USC professor Andrea Hricko tells California Watch in an email that she's skeptical of the findings:

“The draft EIR for the I-710 corridor has thousands of pages, and Caltrans does not always make its underlying assumptions easy to understand. The health risk analyses are confusing, with some of the alternatives for expansion showing increased PM (particulate matter pollution) levels, yet decreased health risks.”

Indeed, USC research has shown that the most dangerous particulate matter flying off freeways comes in the form of little bits of tire rubber and brake metal — which can make their way into kids' developing lungs and cause irreversible destruction. (See LA Weekly print story “Black Lung Lofts: Many Children Being Raised in L.A.'s Hip, New Freeway-Adjacent Housing Are Damaged for Life.”) No matter what kind of pollution science you try to pull, millions more vehicles rattling up and down the 710 will mean that millions more tires and brakes will be shedding their little invisible killers into the atmosphere.
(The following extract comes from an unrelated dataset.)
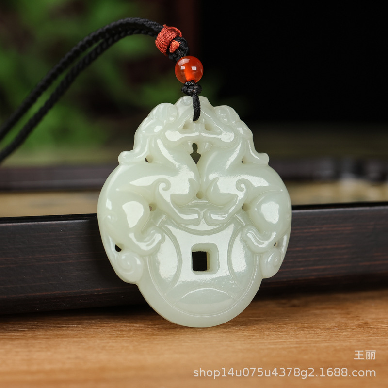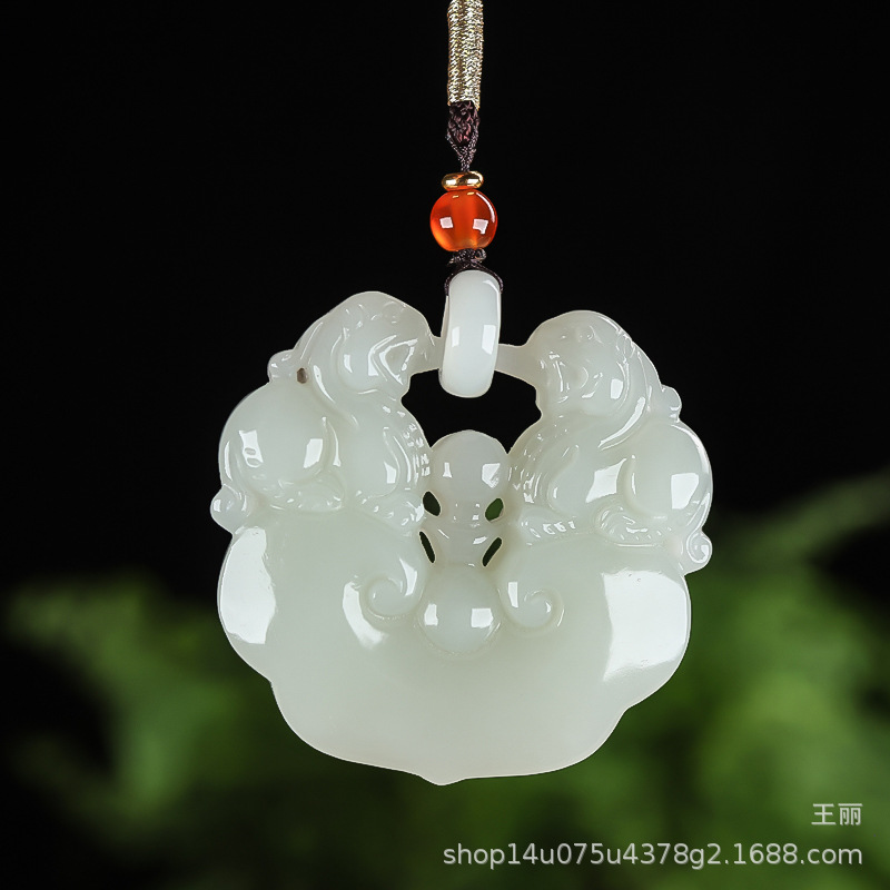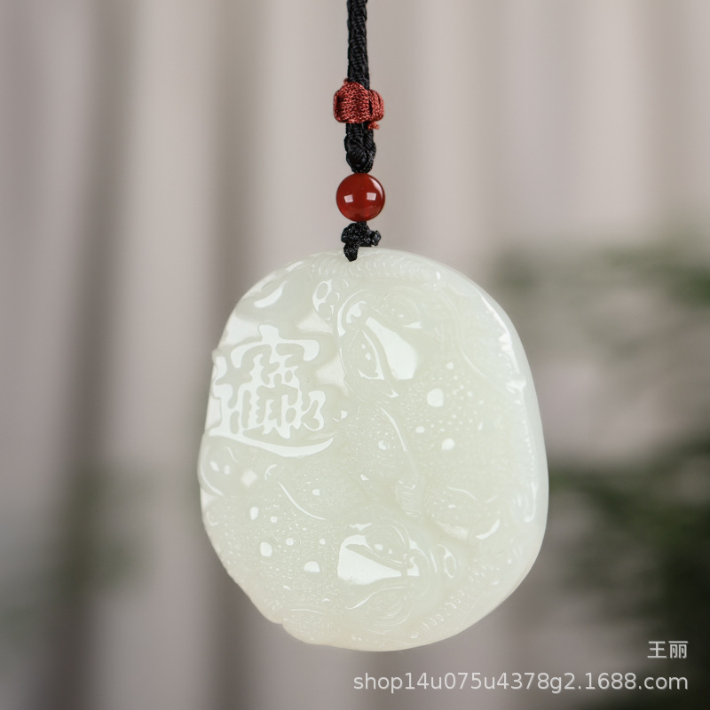 天然和田玉吉祥如意牌首飾りペンダント新疆白玉男女ストラッププレゼントペンダント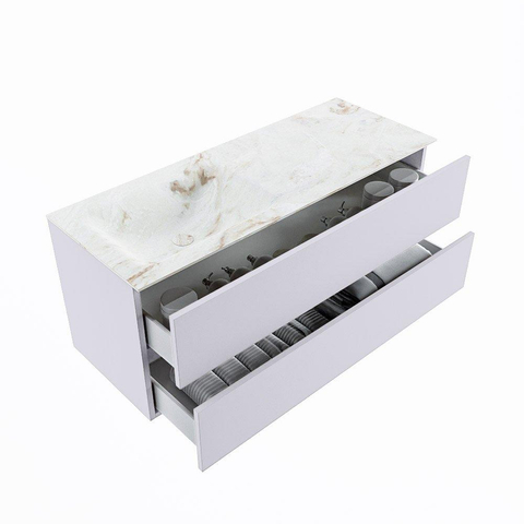 MONDIAZ VICA-DLUX Ensemble meuble de salle de bains - 120cm - sous-meuble Cale - 2 tiroirs - vasque encastrée Cloud gauche - 1 trou de robinet - version haute 60cm - Frappe

The special elevated corridor in the new proposal does lift some problem vehicles up into the air, placing them closer to the L.A. River than to residents. But what about plans to revitalize the river? What about nearby parks? And what about all the trucks that aren't equipped with zero-emission technology, and choose to instead utilize the wider 10-lane freeway?

Public comment on the EIR is over at the end of August. But it's difficult to respond to science this baffling, besides with a call for complete do-over.

Update: Adrian Martinez, an attorney with the Natural Resources Defense Council, explains that “with these environmental reports, it's all about the assumptions that are made.”

He says Caltrans assumed “an immense amount of growth — that trade through the port is almost going to triple.” In this way, transportation officials may have “inflated the need” for a 14-lane freeway.